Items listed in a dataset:
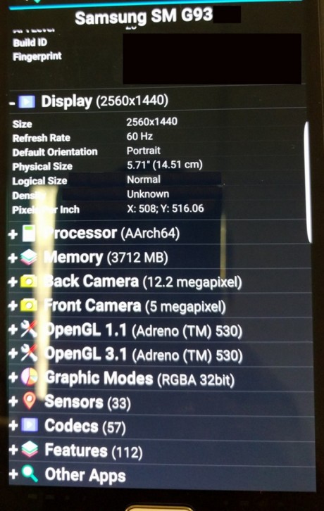 La foto ritrae un prodotto con codice Samsung SM-G93XX, e dovrebbe essere proprio il Samsung Galaxy S7 Edge Plus. E’ possibile vedere come il prodotto monti un display Q-HD da 5.7 pollici, processore Qualcomm Snapdragon 820, 4 GB di memoria RAM, fotocamera da 13 megapixel posteriore e 5 megapixel anteriore insieme al solito lettore di impronte digitali.
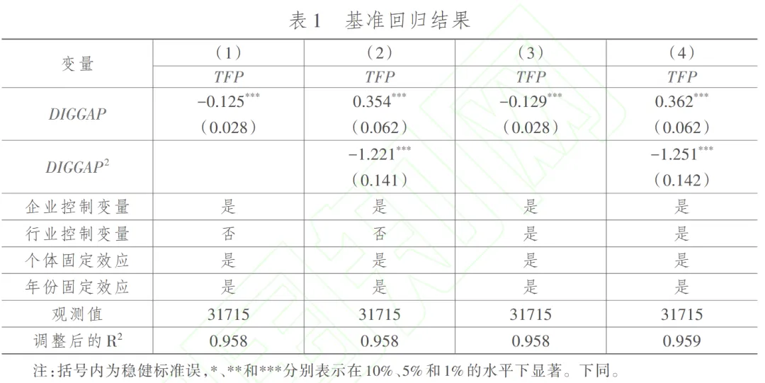 企业数字化转型差距(DIGGAP):采用企业年报中“管理层讨论与分析” (MD&A) 部分与数字化相关的词语出现的频次占比来度量企业的数字化转型程度 (DIG) 。为了表述方便,我们将该指标乘以10, DIG数值越大,表示企业数字化转型程度越高。定义数字化转型领先企业为当年行业内数字化转型程度处于前10%的企业,将这些企业的数字化转型程度取均值,作为该行业当年的数字化转型领先水平,然后将其余企业当年数字化转型程度与之作差并取绝对值,从而得到“企业- 年”层面的数字化转型差距变量。
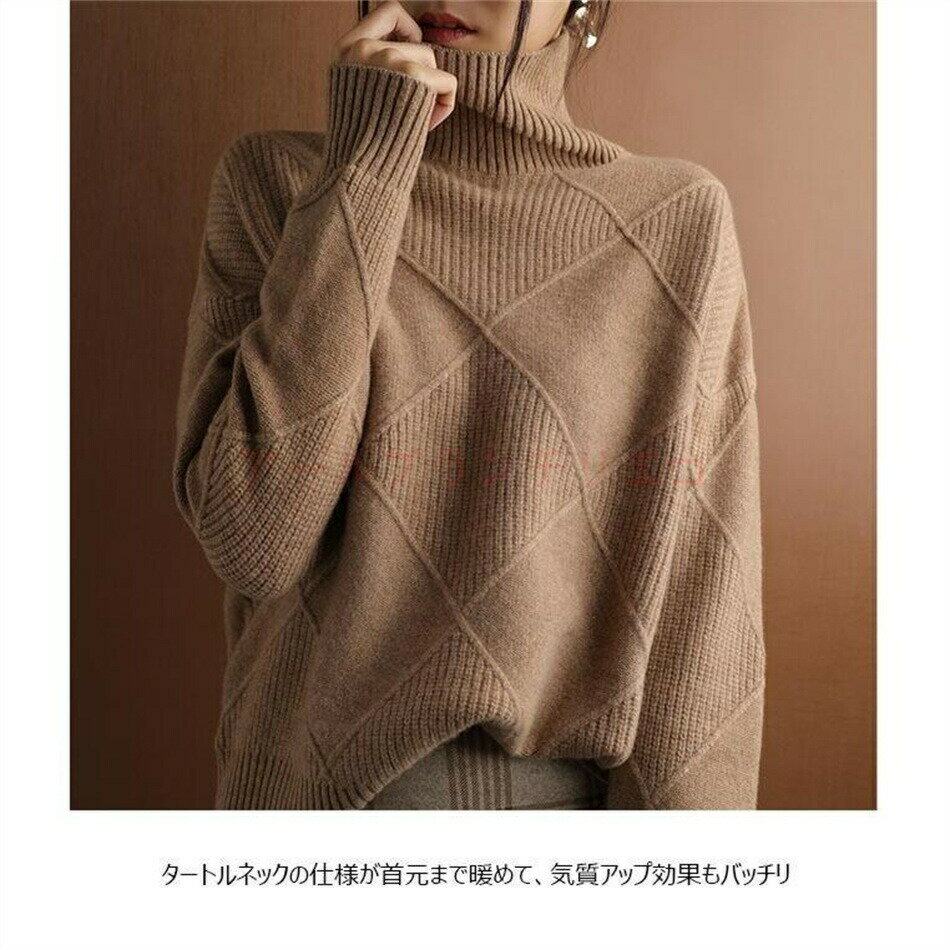 レディース用のニットセーターが新入荷 ゆったりとしたシルエットがカジュアルな雰囲気&フェミニンな抜け感を演出 手触りの柔らかな生地を使い、決してチクチクせず着心地的にも申し分無し タートルネックの仕様が首元まで暖めて、気質アップ効果もバッチリ ユニック感たっぷりの上品な編み模様も見逃せないお洒落ポイント 雰囲気異なる4色が用意され、落ち着いた定番色から明るい色まで 秋冬ファッションに必ず大活躍、通勤にも日常にも似合うマストアイテム 【カラー】ブラック、ブラウン、キャメル、イエロー 【サイズ(cm)】 S M L XL 2XL S 着丈58 バスト105 袖丈49 M 着丈59 バスト110 袖丈50 L 着丈60 バスト115 袖丈51 XL 着丈61 バスト120 袖丈52 2XL 着丈62 バスト125 袖丈53 ※商品には多少の個体差がございます。予めご了承くださいませ。 ※PC環境・光の具合により、色や素材のイメージが写真と若干異なる場合がございます。 ※モデル・写真に使用されているアクセサリー・小物は別途記載が無い限り付属いたしません。 ※商品のお色はお客様のPC環境によって多少色合い、見え方など違ってまいりますのでご了承下さいますようお願いします。 ※写真の色調はご使用のモニターの機種や設定により実際の商品と異なる場合があります。 ※商品のサイズは、全て平置きにて外寸を測定しております。 ※商品によっては±1cm〜3cmの誤差が発生してしまう場合がございます。予めご理解いただきますようお願い致します。 ※該当商品は他店と在庫共有です。タイミングにより、在庫ズレが生じる場合がございます。予めご了承ください。 ※パッケージは改良のため予告なく仕様を変更する場合があります、ご理解いただきますようお願い致します。
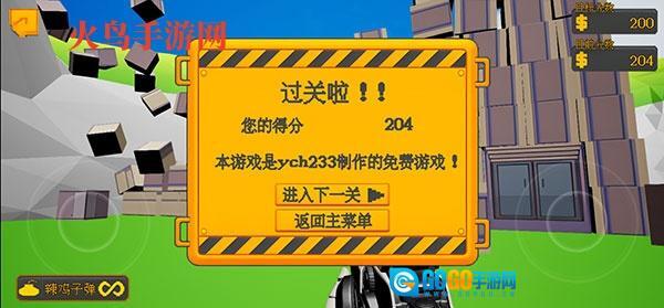 5、就能快速炸掉整栋楼,用越少的子弹就能拿到越高的分数,右上角会显示当前的分数和可获得的金币;
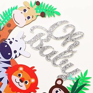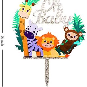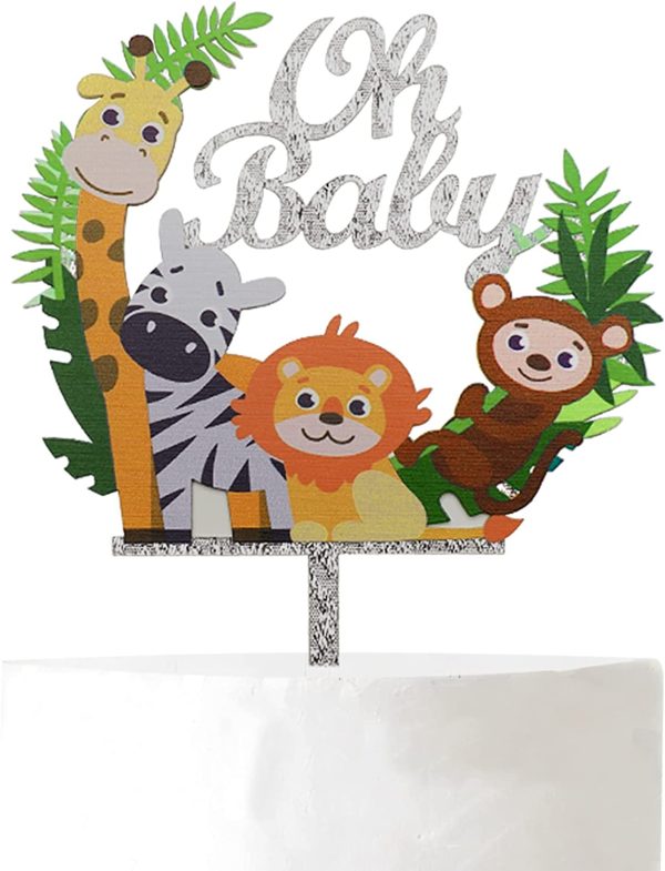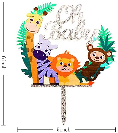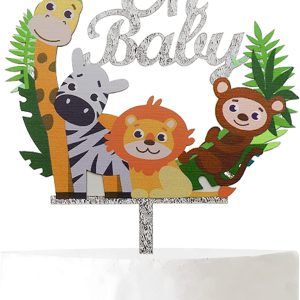 NMAS Oh Baby Animals Cake Topper Silver Glittery Acrylic for Jungle Theme Baby Shower Child Birthday Party Decoration Supplies
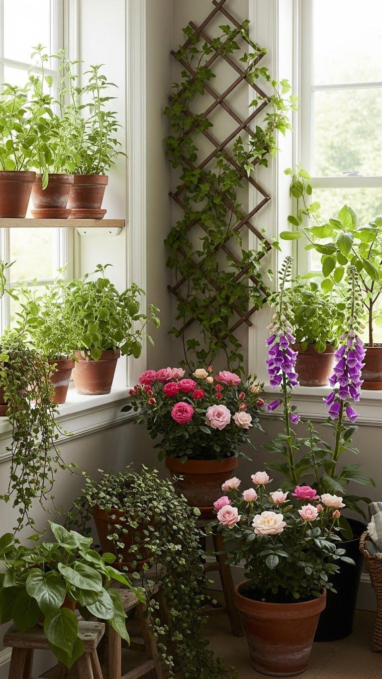 If you want a cottage garden vibe indoors, start by mixing leafy, flowering, and trailing plants to create layered, relaxed charm. Place window herbpots on sills for fresh scents, cluster potted roses and foxglove for color, and train an ivy trellis along a sunny wall. You’ll enjoy effortless greenery that feels free, lived-in, and fully yours.
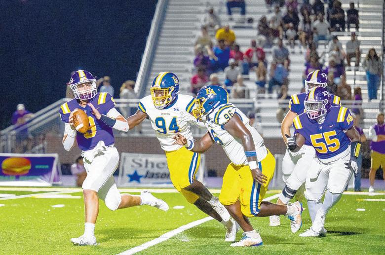 Denham Springs quarterback JerryHorne (9)rolls away from East Ascension defensive linemen Jahmere Smith (94) and John Brown (96) in the second quarter of the District 5-5A matchup on Friday in Denham Springs.
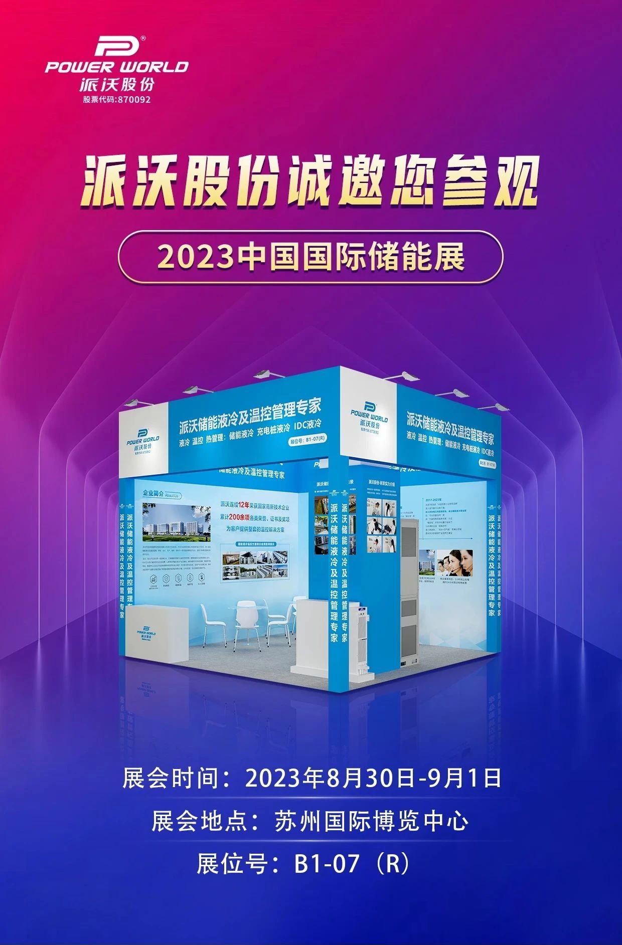 2023年8月30日至9月1日,由EESA储能领跑者联盟主办的第二届中国国际储能展览会将在苏州国际博览中心举办。九州酷游股份诚挚邀请您莅临B1馆07(R)展位现场交流,与您分享最新的液冷解决方案和技术,共探全球新能源储能发展趋势。
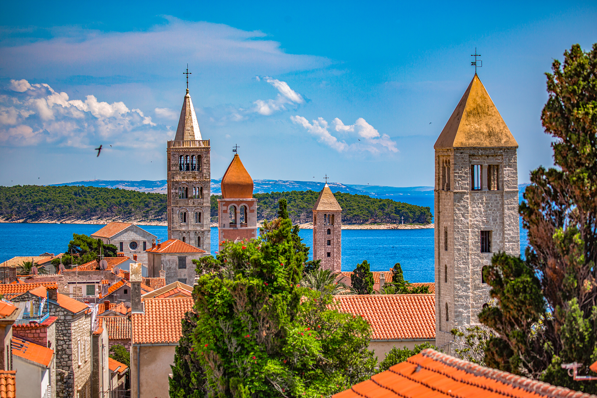Die vier charakteristischen Glockentürmen der Stadt Rab, zählen zu einer der vielen architektonischen Sehenswürdigkeiten der Insel Rab. (Foto: Croatia.hr; Ivo Biocina)

**Work order**
Please ensure that the data above is repeated exactly, with no pictures in the copy.

**Answer for this exercise**
 La foto ritrae un prodotto con codice Samsung SM-G93XX, e dovrebbe essere proprio il Samsung Galaxy S7 Edge Plus. E’ possibile vedere come il prodotto monti un display Q-HD da 5.7 pollici, processore Qualcomm Snapdragon 820, 4 GB di memoria RAM, fotocamera da 13 megapixel posteriore e 5 megapixel anteriore insieme al solito lettore di impronte digitali.
 企业数字化转型差距(DIGGAP):采用企业年报中“管理层讨论与分析” (MD&A) 部分与数字化相关的词语出现的频次占比来度量企业的数字化转型程度 (DIG) 。为了表述方便,我们将该指标乘以10, DIG数值越大,表示企业数字化转型程度越高。定义数字化转型领先企业为当年行业内数字化转型程度处于前10%的企业,将这些企业的数字化转型程度取均值,作为该行业当年的数字化转型领先水平,然后将其余企业当年数字化转型程度与之作差并取绝对值,从而得到“企业- 年”层面的数字化转型差距变量。
 レディース用のニットセーターが新入荷 ゆったりとしたシルエットがカジュアルな雰囲気&フェミニンな抜け感を演出 手触りの柔らかな生地を使い、決してチクチクせず着心地的にも申し分無し タートルネックの仕様が首元まで暖めて、気質アップ効果もバッチリ ユニック感たっぷりの上品な編み模様も見逃せないお洒落ポイント 雰囲気異なる4色が用意され、落ち着いた定番色から明るい色まで 秋冬ファッションに必ず大活躍、通勤にも日常にも似合うマストアイテム 【カラー】ブラック、ブラウン、キャメル、イエロー 【サイズ(cm)】 S M L XL 2XL S 着丈58 バスト105 袖丈49 M 着丈59 バスト110 袖丈50 L 着丈60 バスト115 袖丈51 XL 着丈61 バスト120 袖丈52 2XL 着丈62 バスト125 袖丈53 ※商品には多少の個体差がございます。予めご了承くださいませ。 ※PC環境・光の具合により、色や素材のイメージが写真と若干異なる場合がございます。 ※モデル・写真に使用されているアクセサリー・小物は別途記載が無い限り付属いたしません。 ※商品のお色はお客様のPC環境によって多少色合い、見え方など違ってまいりますのでご了承下さいますようお願いします。 ※写真の色調はご使用のモニターの機種や設定により実際の商品と異なる場合があります。 ※商品のサイズは、全て平置きにて外寸を測定しております。 ※商品によっては±1cm〜3cmの誤差が発生してしまう場合がございます。予めご理解いただきますようお願い致します。 ※該当商品は他店と在庫共有です。タイミングにより、在庫ズレが生じる場合がございます。予めご了承ください。 ※パッケージは改良のため予告なく仕様を変更する場合があります、ご理解いただきますようお願い致します。
 5、就能快速炸掉整栋楼,用越少的子弹就能拿到越高的分数,右上角会显示当前的分数和可获得的金币;
 NMAS Oh Baby Animals Cake Topper Silver Glittery Acrylic for Jungle Theme Baby Shower Child Birthday Party Decoration Supplies
 If you want a cottage garden vibe indoors, start by mixing leafy, flowering, and trailing plants to create layered, relaxed charm. Place window herbpots on sills for fresh scents, cluster potted roses and foxglove for color, and train an ivy trellis along a sunny wall. You’ll enjoy effortless greenery that feels free, lived-in, and fully yours.
 Denham Springs quarterback JerryHorne (9)rolls away from East Ascension defensive linemen Jahmere Smith (94) and John Brown (96) in the second quarter of the District 5-5A matchup on Friday in Denham Springs.
 2023年8月30日至9月1日,由EESA储能领跑者联盟主办的第二届中国国际储能展览会将在苏州国际博览中心举办。九州酷游股份诚挚邀请您莅临B1馆07(R)展位现场交流,与您分享最新的液冷解决方案和技术,共探全球新能源储能发展趋势。
Die vier charakteristischen Glockentürmen der Stadt Rab, zählen zu einer der vielen architektonischen Sehenswürdigkeiten der Insel Rab. (Foto: Croatia.hr; Ivo Biocina)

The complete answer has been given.